▶ EXERCISE REQUIREMENTS
Only the lines from the one containing "長江三峽水利樞紐雙線五級船閘" through the last line below belong in your copy; transcribe them exactly and omit any pictures.

▶ MATERIAL PROVIDED
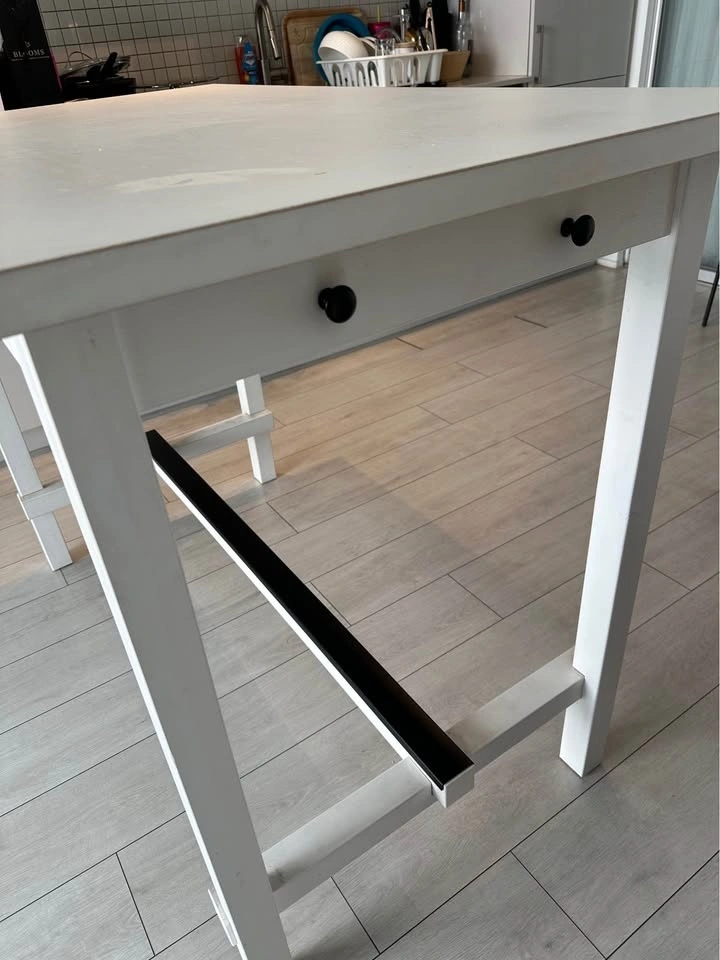 Moving sale! Selling this IKEA NORDVIKEN bar table in white. It’s a sturdy, versatile piece that works perfectly as a high dining table, a kitchen island, or a standing desk. Features: Includes a handy drawer for cutlery or office supplies and a footrest for extra comfort. Condition: Good used condition. Well-maintained in a clean home. Dimensions: 55 1/8" (Length) x 31 1/2" (Width) x 41 3/8" (Height). Material: Solid wood/fiberboard—very durable and easy to wipe clean. Pickup: Must be picked up by January 30th in Vaughan Metropolitan Centre. Transport: The legs can be removed for easier transport. Will fit in most SUVs with the seats down.
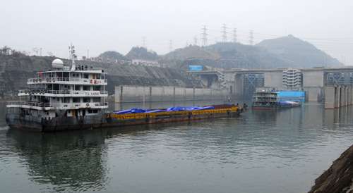 長江三峽水利樞紐雙線五級船閘在經(jīng)過近37小時的持續(xù)停航后,于17日恢復(fù)雙線通航,這是三峽船閘2003年6月建成通航后,因惡劣天氣停運時間最長的一次。兩艘貨輪開進三峽船閘六閘首北線船閘。
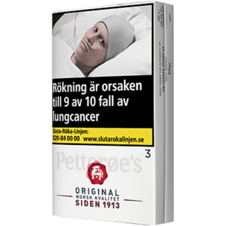 Petteröes Vit 3 Rulltobak med en klassisk ljus tobak. Namnet kommer ursprungligen från en norsk man som hette Halfdan Petterøe, som

▶ ANSWER BELOW
 長江三峽水利樞紐雙線五級船閘在經(jīng)過近37小時的持續(xù)停航后,于17日恢復(fù)雙線通航,這是三峽船閘2003年6月建成通航后,因惡劣天氣停運時間最長的一次。兩艘貨輪開進三峽船閘六閘首北線船閘。
 Petteröes Vit 3 Rulltobak med en klassisk ljus tobak. Namnet kommer ursprungligen från en norsk man som hette Halfdan Petterøe, som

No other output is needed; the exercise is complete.